BRIEF:
With the material below, print exactly the lines between the line holding "Day 59: Henry" and the line holding "I can't believe", inclusive. Add nothing else.
++++ WORKING DATA ++++
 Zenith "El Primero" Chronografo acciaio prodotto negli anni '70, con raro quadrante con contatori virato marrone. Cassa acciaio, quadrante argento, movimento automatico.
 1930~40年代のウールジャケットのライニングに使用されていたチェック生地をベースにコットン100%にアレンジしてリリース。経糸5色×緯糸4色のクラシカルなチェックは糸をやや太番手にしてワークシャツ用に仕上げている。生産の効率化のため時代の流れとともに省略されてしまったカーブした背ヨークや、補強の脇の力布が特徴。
++++
++++ WORKING DATA ++++
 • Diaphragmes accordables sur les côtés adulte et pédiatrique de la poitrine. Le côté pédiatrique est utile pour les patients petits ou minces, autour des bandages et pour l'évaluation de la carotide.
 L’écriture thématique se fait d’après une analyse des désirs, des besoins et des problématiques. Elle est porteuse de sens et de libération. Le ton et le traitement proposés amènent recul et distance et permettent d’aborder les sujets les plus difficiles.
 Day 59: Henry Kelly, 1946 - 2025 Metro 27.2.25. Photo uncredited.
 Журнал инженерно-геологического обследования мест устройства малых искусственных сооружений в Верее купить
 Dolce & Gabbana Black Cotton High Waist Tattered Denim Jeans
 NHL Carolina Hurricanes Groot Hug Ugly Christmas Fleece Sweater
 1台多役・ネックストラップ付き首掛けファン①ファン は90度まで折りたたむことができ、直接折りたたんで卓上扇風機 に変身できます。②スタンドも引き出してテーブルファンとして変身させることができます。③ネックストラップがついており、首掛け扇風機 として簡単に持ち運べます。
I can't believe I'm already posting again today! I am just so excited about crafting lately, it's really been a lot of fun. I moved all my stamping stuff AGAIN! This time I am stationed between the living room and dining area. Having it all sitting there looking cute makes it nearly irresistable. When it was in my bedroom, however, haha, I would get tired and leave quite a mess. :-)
++++
SOLUTION FOR THIS PROBLEM:
 Day 59: Henry Kelly, 1946 - 2025 Metro 27.2.25. Photo uncredited.
 Журнал инженерно-геологического обследования мест устройства малых искусственных сооружений в Верее купить
 Dolce & Gabbana Black Cotton High Waist Tattered Denim Jeans
 NHL Carolina Hurricanes Groot Hug Ugly Christmas Fleece Sweater
 1台多役・ネックストラップ付き首掛けファン①ファン は90度まで折りたたむことができ、直接折りたたんで卓上扇風機 に変身できます。②スタンドも引き出してテーブルファンとして変身させることができます。③ネックストラップがついており、首掛け扇風機 として簡単に持ち運べます。
I can't believe I'm already posting again today! I am just so excited about crafting lately, it's really been a lot of fun. I moved all my stamping stuff AGAIN! This time I am stationed between the living room and dining area. Having it all sitting there looking cute makes it nearly irresistable. When it was in my bedroom, however, haha, I would get tired and leave quite a mess. :-)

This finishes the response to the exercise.